Output the span of lines from the one that contains "Det finns ett hav" through the end of the records, inclusive, exactly as written and free of pictures.

[Extracted data entries]

--- START ---

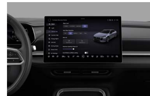
14,6-inch centrale display
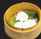
132 (1,2) Ravioli de crevette à la vapeur
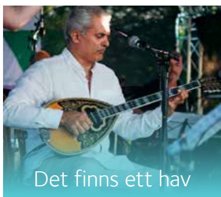
Det finns ett hav

18 JUNI • Ars Veritas. Denna sommarkväll kommer ensemblen Ars Veritas att sjunga musik från medeltid, renässans och 1900-tal. Musik av tonsättare som bland andra Poulenc, Josquin och Gregorianik.
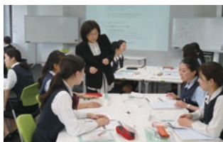
女性主任マネジメント研修

女性行員がより一層活躍の範囲を広げ、キャリアアップしていけるよう、様々な研修を実施。管理職への昇格を目指すマネジメント研修や、女性の法人営業担当者を養成するプログラムなど、多様な取組みが行われています。
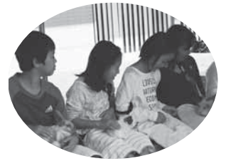
あすなるの里による出張ふれあい動物園
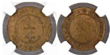
Año: 1844 Material: Latón
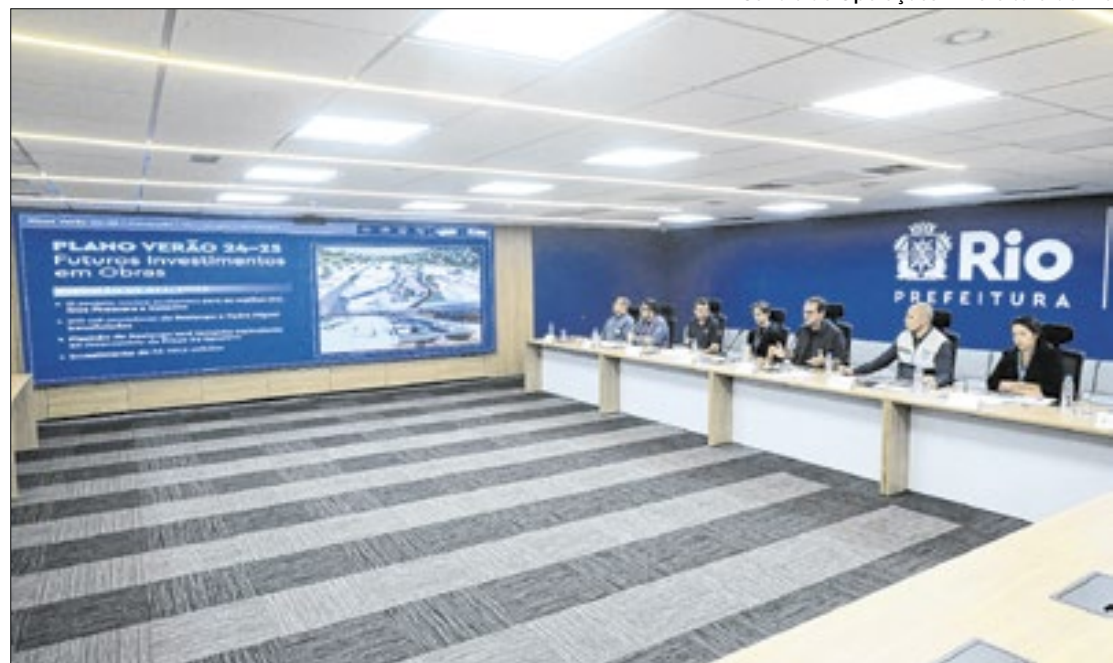
Centro de Operações - Prefeitura do Rio

Ao acentuar a importância de que a população colabore para salvar vidas, Paes admitiu que “a Bacia do Rio Acari ainda é um lugar complexo para esse verão. É uma região considerada muito crítica na cidade. Serão dois ou três anos para ter a solução definitiva para aquele problema”. No caso do Jardim Maravilha, em Guaratiba

--- END ---

### [Written response]
Det finns ett hav

18 JUNI • Ars Veritas. Denna sommarkväll kommer ensemblen Ars Veritas att sjunga musik från medeltid, renässans och 1900-tal. Musik av tonsättare som bland andra Poulenc, Josquin och Gregorianik.
女性主任マネジメント研修

女性行員がより一層活躍の範囲を広げ、キャリアアップしていけるよう、様々な研修を実施。管理職への昇格を目指すマネジメント研修や、女性の法人営業担当者を養成するプログラムなど、多様な取組みが行われています。
あすなるの里による出張ふれあい動物園
Año: 1844 Material: Latón
Centro de Operações - Prefeitura do Rio

Ao acentuar a importância de que a população colabore para salvar vidas, Paes admitiu que “a Bacia do Rio Acari ainda é um lugar complexo para esse verão. É uma região considerada muito crítica na cidade. Serão dois ou três anos para ter a solução definitiva para aquele problema”. No caso do Jardim Maravilha, em Guaratiba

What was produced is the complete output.